Moor Park was located in the ancient parish of Rickmansworth, Hertfordshire, on the boundary with the parish of Ruislip, Middlesex. It is now in the civil parish of Batchworth, since 1 April 2017.

==Geography==
The area borders Northwood in Greater London to the south. The estate is around 6 sqmi in size, with gated, private roads; extending from Ruislip Woods through to Northwood, and finishing at Merchant Taylors' School. The majority of the area lies in the Northwood post town and the distinguished HA6 postcode district.
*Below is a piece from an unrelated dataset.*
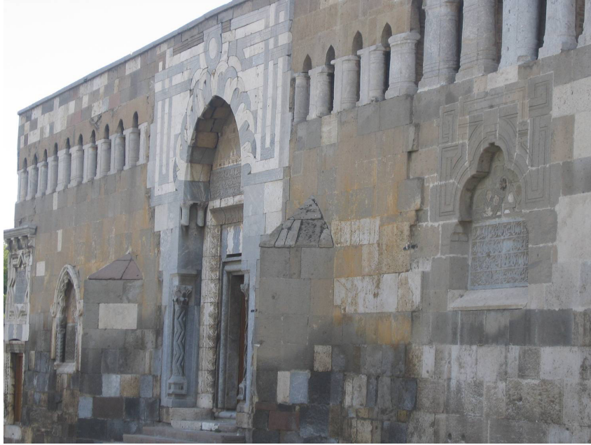
Resim 5. Konya Alâeddin Camii, kuzey cephe, galeri, çift sütunlar.

Özellikle çift sütunda denilen yassı oval payelerin özgününde olduğu gibi bodur oldukları pencere sövesi olarak ya da duvara bitişik taşıyıcı öge olarak değerlendirildikleri görülmektedir. Konya Seyfeddin Karasungur Türbesi (1270) (Önkal, 1996, s. 126-129, Resim 181) ile Zazadin Han'ın (1235-1237) (Erdmann, 1961, s. 186-187) pencerelerindeki çift sütunlar söve olarak değerlendirilen örneklerdir (Resim 6). Çift sütunlar Kuruçeşme (1207-10) ve Obruk (1210-19) hanlarının kapalı bölümleri ile Dokuzun Derbent ve Obruk hanlarında taç kapılarda kullanılmıştır (Erdmann, 1961, Levha 13-14, 18, 236, 242). Bunların farklı bir kullanım biçimi de Konya Alâeddin Camii'nin kuzey cephesinde görülür (Resim 5). Caminin kuzey cephesindeki galeriler farklı boyutlardaki mermer yassı payelere atılan sivri kemerlerle oluşturulmuştur. Çift sütunların boylarının farklı olması ikinci kullanıcı açısından bir sorun teşkil etmemiş, cephe bu malzemelere göre tasarlanmıştır.

The surrounding neighbourhood consists mostly of elegant upscale houses, many boasting original 1930s features.

The Moor Park Conservation Area was designated on 18 May 1995, to preserve the tree-lined, wide avenues with period properties and open frontage gardens. Notable characteristics include lush grass verges, shingle paths and original cast iron Victorian-influenced lamp posts. Moor Park is surrounded on three sides by countryside which is designated Green Belt and adjoining, but outside, the conservation area, are the old Roman remains around Bathend Clump.

Moor Park is home to a diverse community with a large Christian and Hindu presence.
Residents include many notable millionaire business owners, city executives, medical professionals and philanthropists.

== Transport ==
The estate is serviced by Moor Park tube station, which is the only TFL station to sit inside a gated private estate, and provides easy access into London via the Metropolitan line.

There are no bus routes that serve the estate, therefore any connections from the tube station must be made on foot or by car.